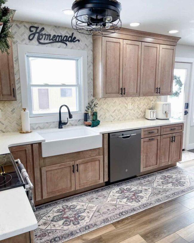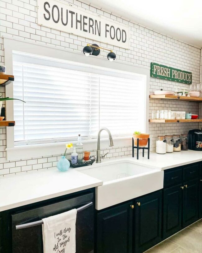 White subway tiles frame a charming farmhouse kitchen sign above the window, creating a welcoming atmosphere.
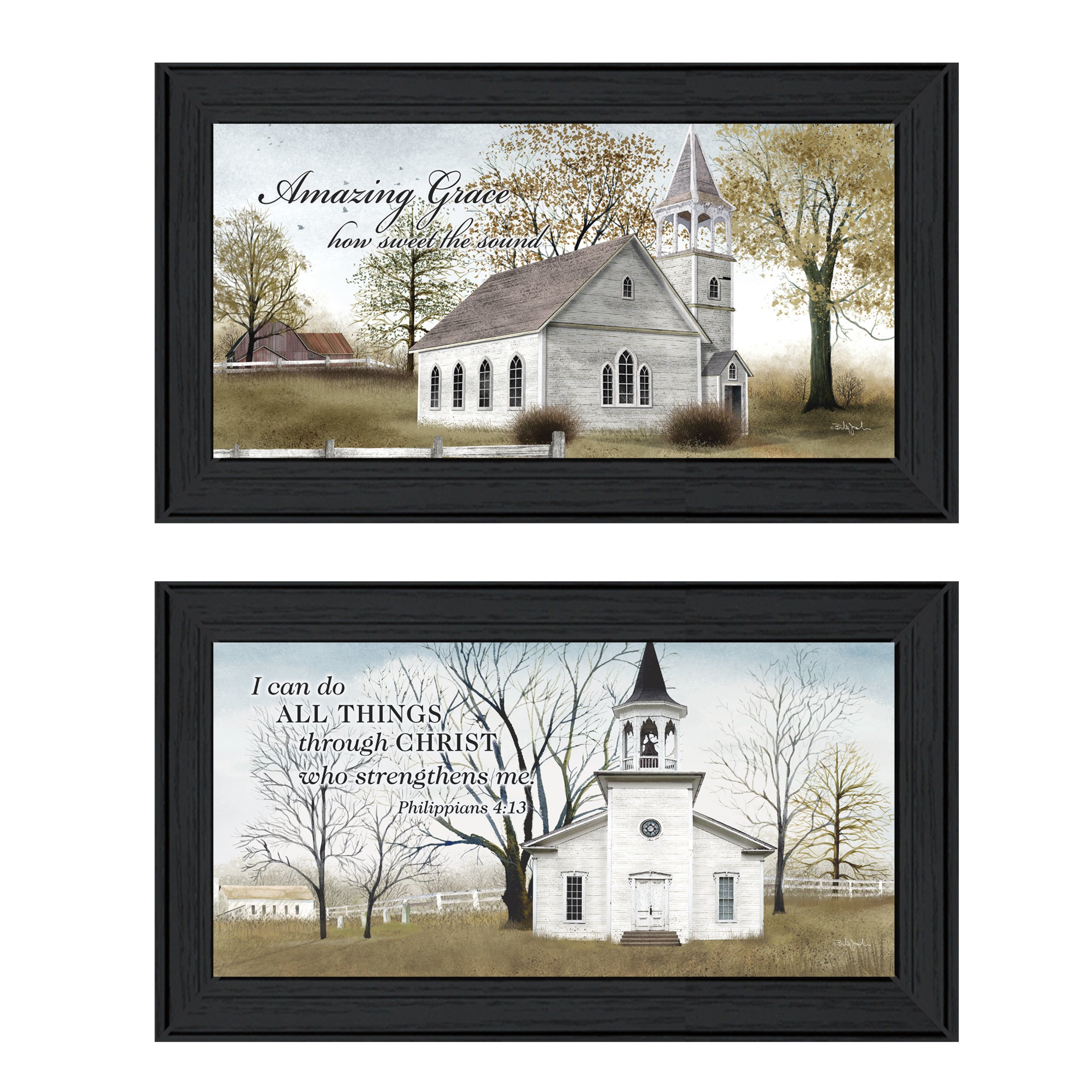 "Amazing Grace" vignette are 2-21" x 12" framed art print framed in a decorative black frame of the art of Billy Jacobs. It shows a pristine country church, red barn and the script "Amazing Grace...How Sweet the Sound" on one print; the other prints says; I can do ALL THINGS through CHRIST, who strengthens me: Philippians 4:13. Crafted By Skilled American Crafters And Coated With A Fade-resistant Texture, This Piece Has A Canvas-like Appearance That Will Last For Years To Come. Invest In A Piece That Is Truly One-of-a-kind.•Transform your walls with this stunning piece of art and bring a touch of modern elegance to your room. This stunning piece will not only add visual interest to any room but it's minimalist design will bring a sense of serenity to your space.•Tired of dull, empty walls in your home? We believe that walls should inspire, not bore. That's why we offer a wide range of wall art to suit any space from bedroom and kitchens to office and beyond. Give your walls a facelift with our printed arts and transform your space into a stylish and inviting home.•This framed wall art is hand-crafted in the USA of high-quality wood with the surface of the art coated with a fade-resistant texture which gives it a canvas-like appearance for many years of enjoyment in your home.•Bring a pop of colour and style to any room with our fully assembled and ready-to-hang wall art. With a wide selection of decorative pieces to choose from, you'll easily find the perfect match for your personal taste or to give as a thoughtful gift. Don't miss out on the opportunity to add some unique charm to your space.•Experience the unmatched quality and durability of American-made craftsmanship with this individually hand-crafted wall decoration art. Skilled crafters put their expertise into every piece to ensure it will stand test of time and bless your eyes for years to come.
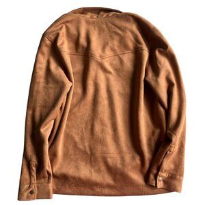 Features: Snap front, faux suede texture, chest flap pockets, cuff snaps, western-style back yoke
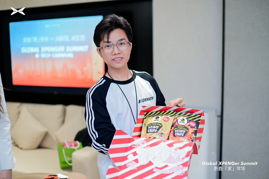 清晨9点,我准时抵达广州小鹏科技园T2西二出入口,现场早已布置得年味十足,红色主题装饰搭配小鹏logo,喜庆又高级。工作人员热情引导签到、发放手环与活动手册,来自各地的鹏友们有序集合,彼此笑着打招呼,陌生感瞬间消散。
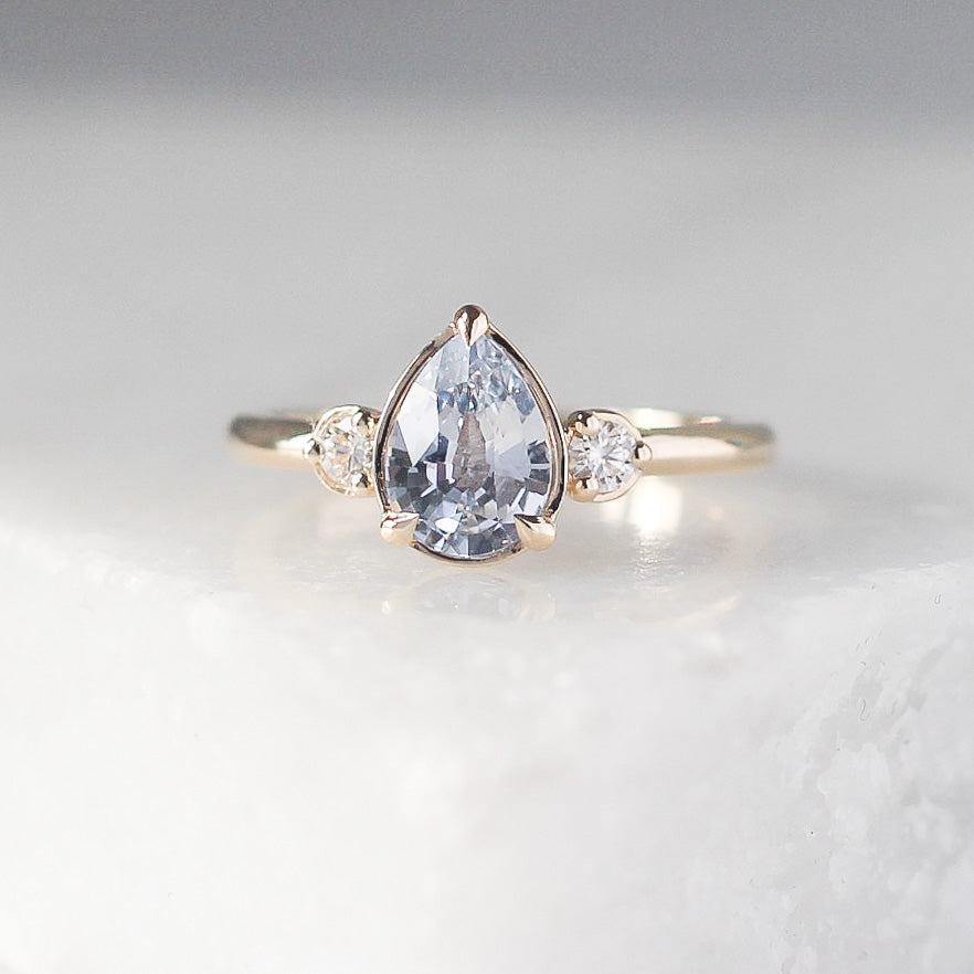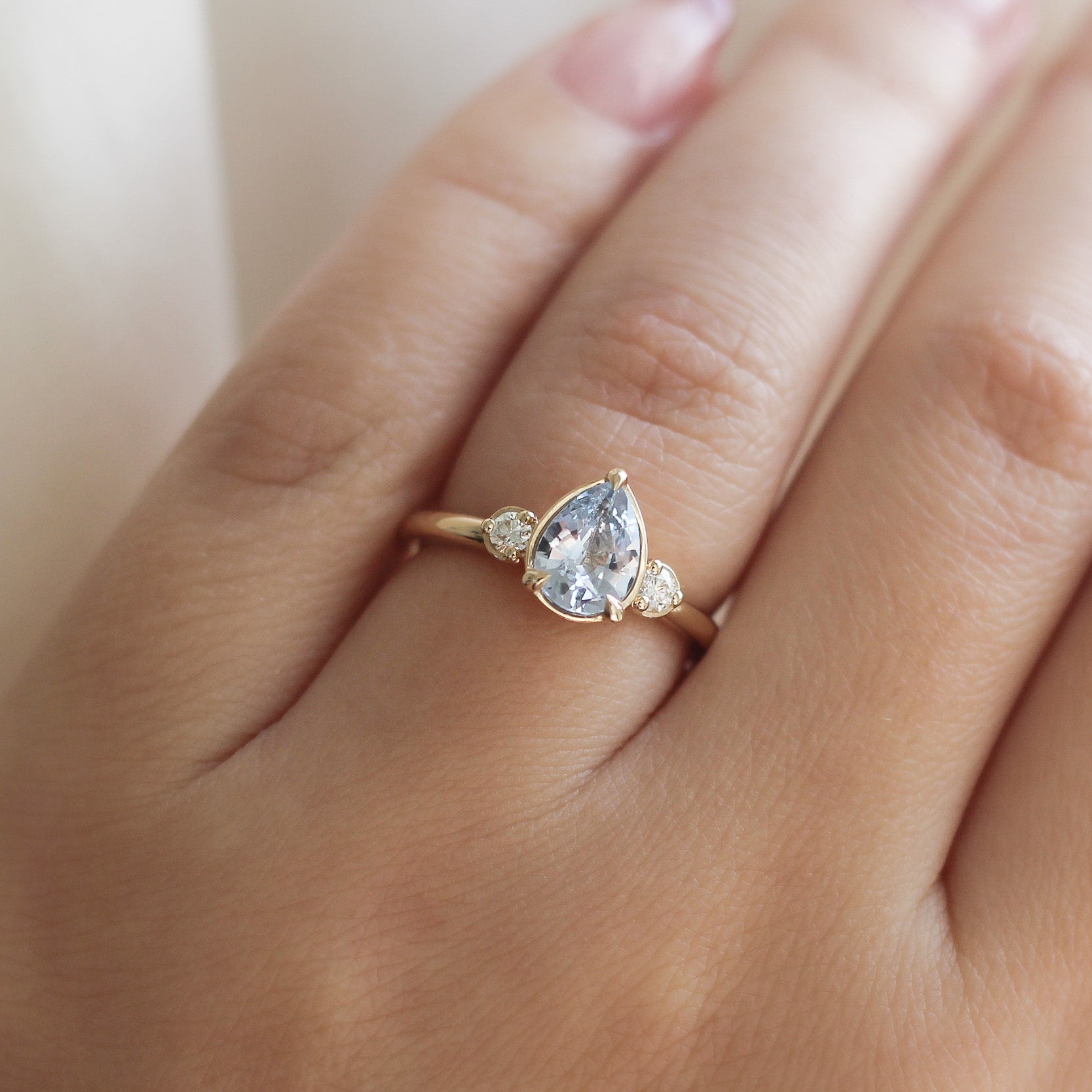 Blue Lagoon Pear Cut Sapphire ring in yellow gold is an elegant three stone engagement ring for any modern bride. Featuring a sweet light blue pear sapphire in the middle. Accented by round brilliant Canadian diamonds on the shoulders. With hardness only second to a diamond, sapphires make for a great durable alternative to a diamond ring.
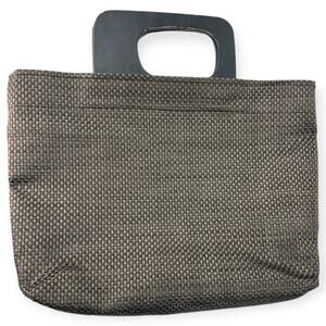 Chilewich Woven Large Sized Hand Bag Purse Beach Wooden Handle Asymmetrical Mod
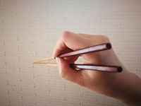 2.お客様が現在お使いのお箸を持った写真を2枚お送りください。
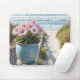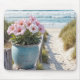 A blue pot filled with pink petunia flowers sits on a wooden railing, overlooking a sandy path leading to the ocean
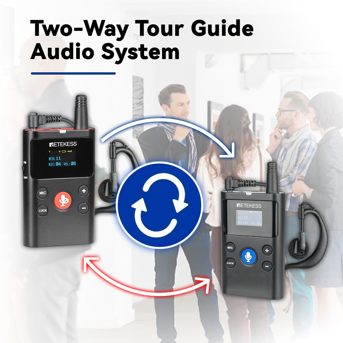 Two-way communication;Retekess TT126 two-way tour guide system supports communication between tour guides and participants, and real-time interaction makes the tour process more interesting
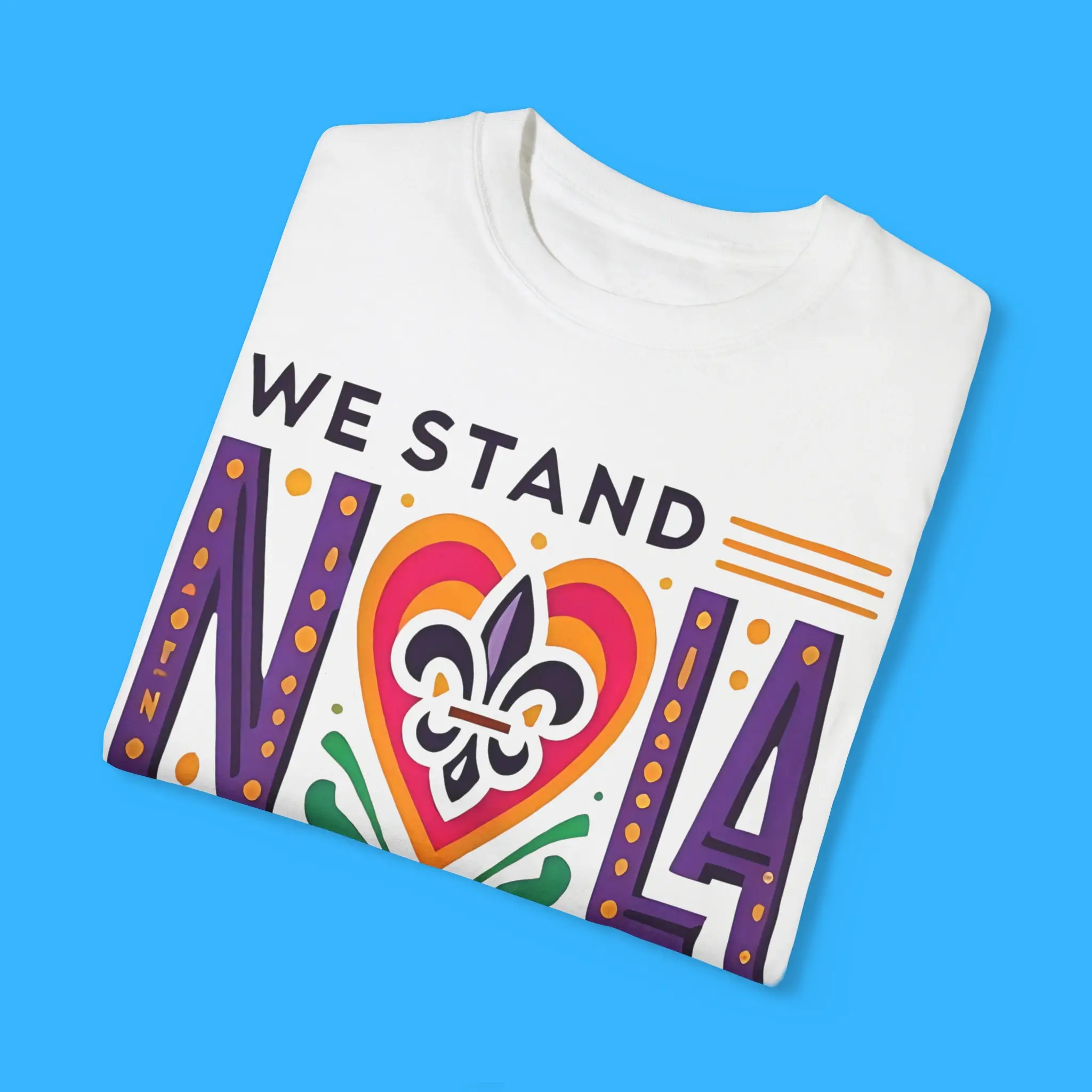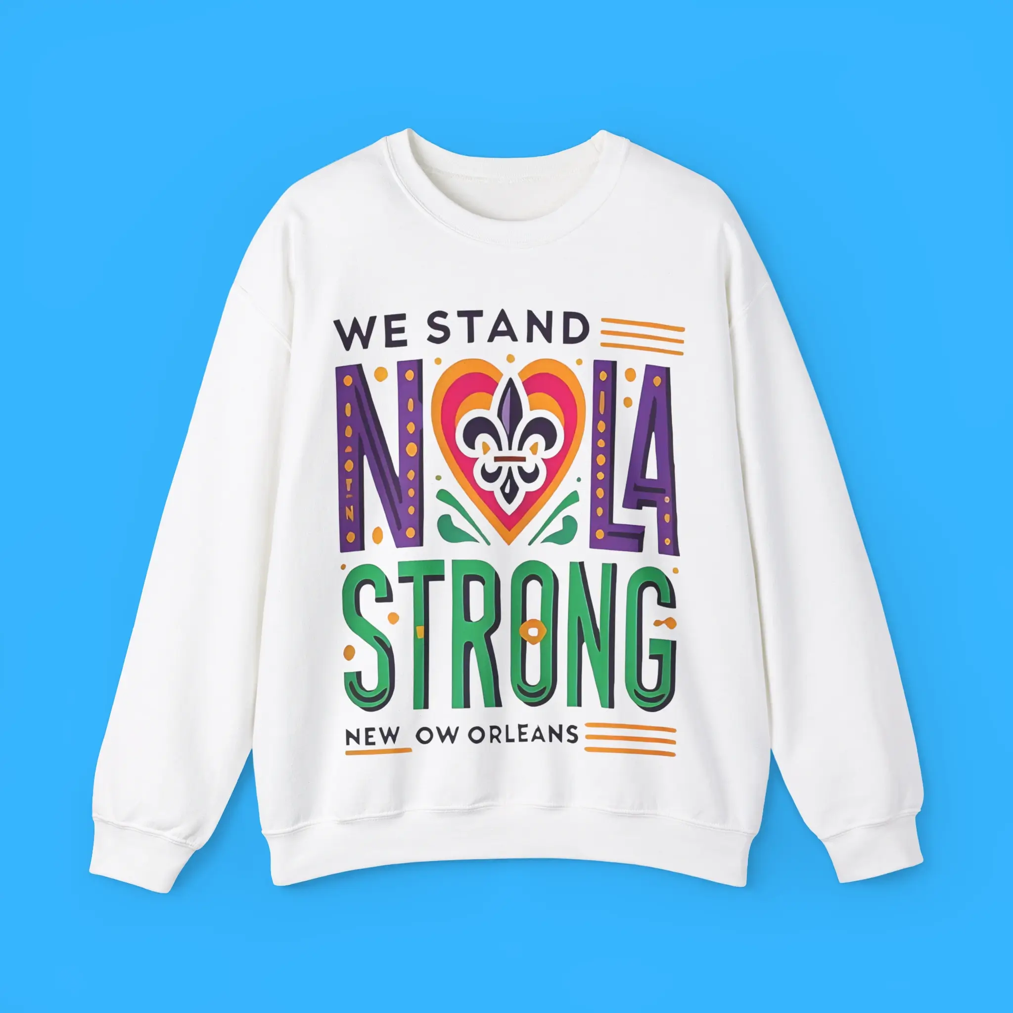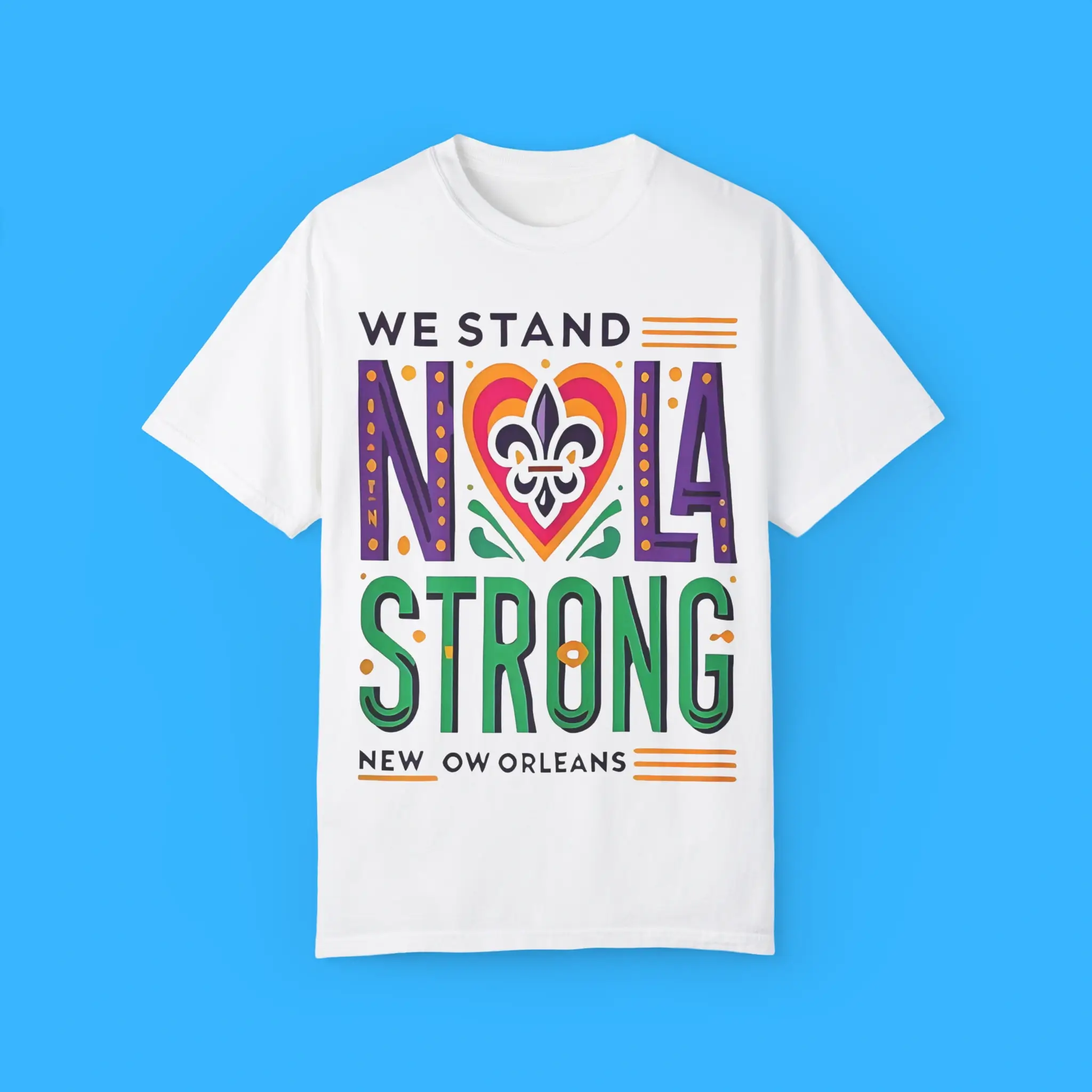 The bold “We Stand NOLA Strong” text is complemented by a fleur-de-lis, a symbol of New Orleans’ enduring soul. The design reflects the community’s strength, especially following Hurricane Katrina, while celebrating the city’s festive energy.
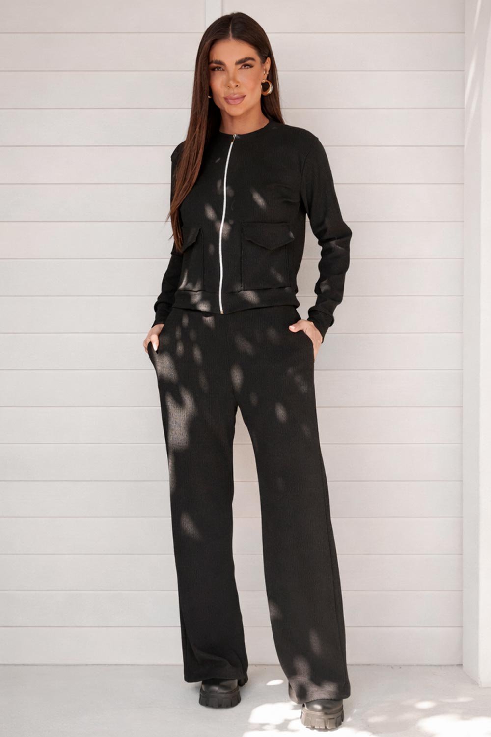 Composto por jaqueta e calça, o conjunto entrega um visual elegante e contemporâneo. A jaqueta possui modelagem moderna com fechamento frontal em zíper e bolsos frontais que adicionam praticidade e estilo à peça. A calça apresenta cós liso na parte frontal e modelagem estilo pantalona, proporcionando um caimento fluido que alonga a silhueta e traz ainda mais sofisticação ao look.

####

Task directions:
Print nothing but the lines above starting with the line that contains "2.お客様が現在お使いのお箸を持った写真を2枚お送りください。" and going on through the line that contains "A blue pot filled". Leave out the pictures.

Answer area:
 2.お客様が現在お使いのお箸を持った写真を2枚お送りください。
 A blue pot filled with pink petunia flowers sits on a wooden railing, overlooking a sandy path leading to the ocean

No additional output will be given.